Também medimos a linearidade e o grau de recuperação de nitrato de amostras musculares com picos de nitrato (consulte o arquivo suplementar anexo). Quando adicionamos três concentrações diferentes de nitrato em amostras de glúteos para homogeneização, obtivemos uma boa resposta linear no aumento das concentrações de nitrato com ~80% de recuperação de nitrato adicionado para homogeneizadores de contas e rotativos. Estes resultados demonstram que ambos os métodos de homogeneização podem ser utilizados para a determinação dos teores de nitrato e nitrito em amostras biológicas com boa confiança. A perda de 20% de nitrato adicionado provavelmente está acontecendo durante a desproteinização e centrifugação do tecido muscular homogeneizado, quando alguns íons podem co-precipitar com proteínas carregadas ou outras partes celulares.

Em geral, esperamos que nosso método proposto de preparação de amostras musculares para medições de nitrato e nitrito seja útil não apenas no campo da pesquisa de exercícios, mas também em estudos clínicos. Existem distúrbios neuromusculares e/ou metabólicos que afetam grandes populações que podem estar relacionados ao mau funcionamento do ciclo do óxido nítrico e podem se beneficiar do suprimento de nitrato. No entanto, é preciso primeiro estabelecer se a deficiência de NO, de fato, existe e se ela pode ser corrigida pela intervenção dietética. Esperamos que o método descrito aqui permita que o destino do nitrato e outros metabólitos do ciclo do NO seja monitorado no músculo esquelético e em outros órgãos.
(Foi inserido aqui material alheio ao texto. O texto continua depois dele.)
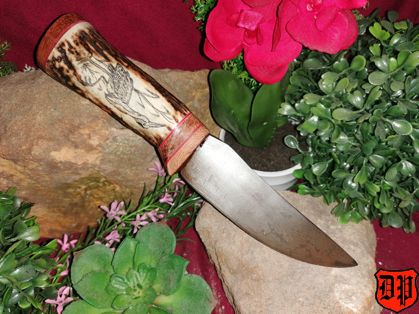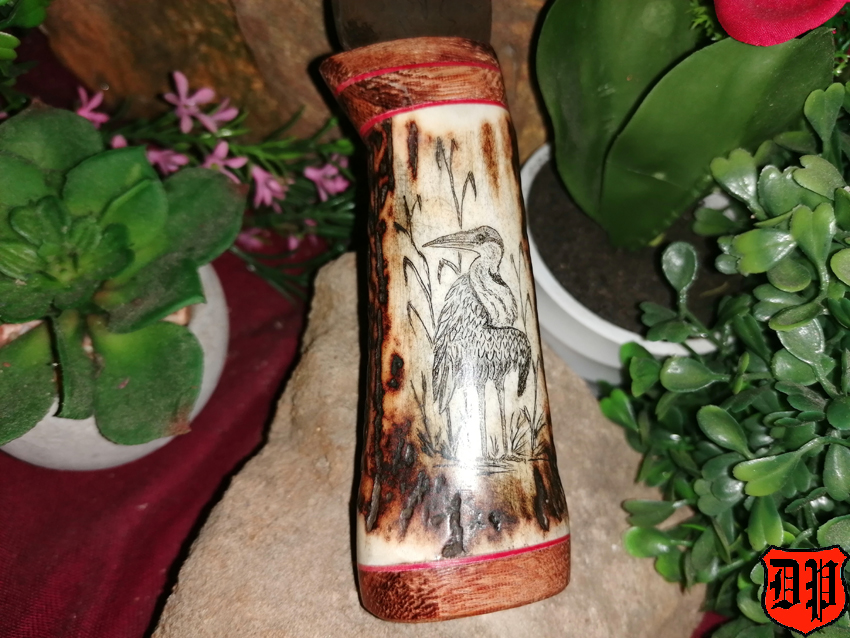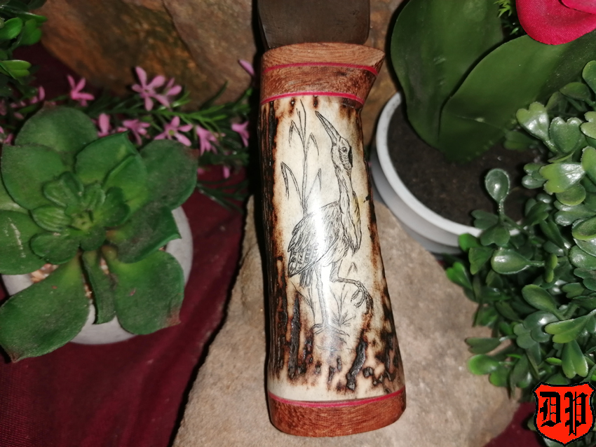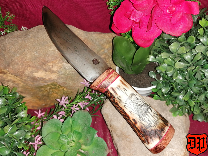 Handgeschmiedetes Damastmesser mit Scrimshaw

Estamos cientes de que, neste ponto de seu desenvolvimento, os métodos de preparação do músculo esquelético para medições de nitrato e nitrito usando quimioluminescência (a mais quantitativa de todas as determinações dos próprios óxidos de nitrogênio) ainda têm variáveis desconhecidas, algumas das quais são discutidas acima. No entanto, mesmo com suas limitações, os métodos descritos permitem uma comparação razoavelmente precisa dos níveis de nitrato/nitrito de diferentes órgãos, incluindo diferentes músculos esqueléticos, e devem permitir a formulação de hipóteses que possam ser testadas com razoável precisão.
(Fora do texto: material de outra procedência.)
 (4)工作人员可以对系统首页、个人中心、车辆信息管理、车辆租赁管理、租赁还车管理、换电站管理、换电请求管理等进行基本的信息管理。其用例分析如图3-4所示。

Os autores declaram não ter conflitos de interesse. Alan N. Schechter está listado como co-inventor em várias patentes emitidas para os Institutos Nacionais de Saúde para o uso de sais de nitrito para o tratamento de doenças cardiovasculares. Ele recebe royalties com base no licenciamento do NIH dessas patentes para desenvolvimento clínico, mas nenhuma outra compensação. Esses arranjos não afetam sua adesão às políticas do periódico JoVE.

Este trabalho foi apoiado pela concessão intramural do NIH/NIDDK ZIA DK 0251041-14 a Alan N Schechter, MD.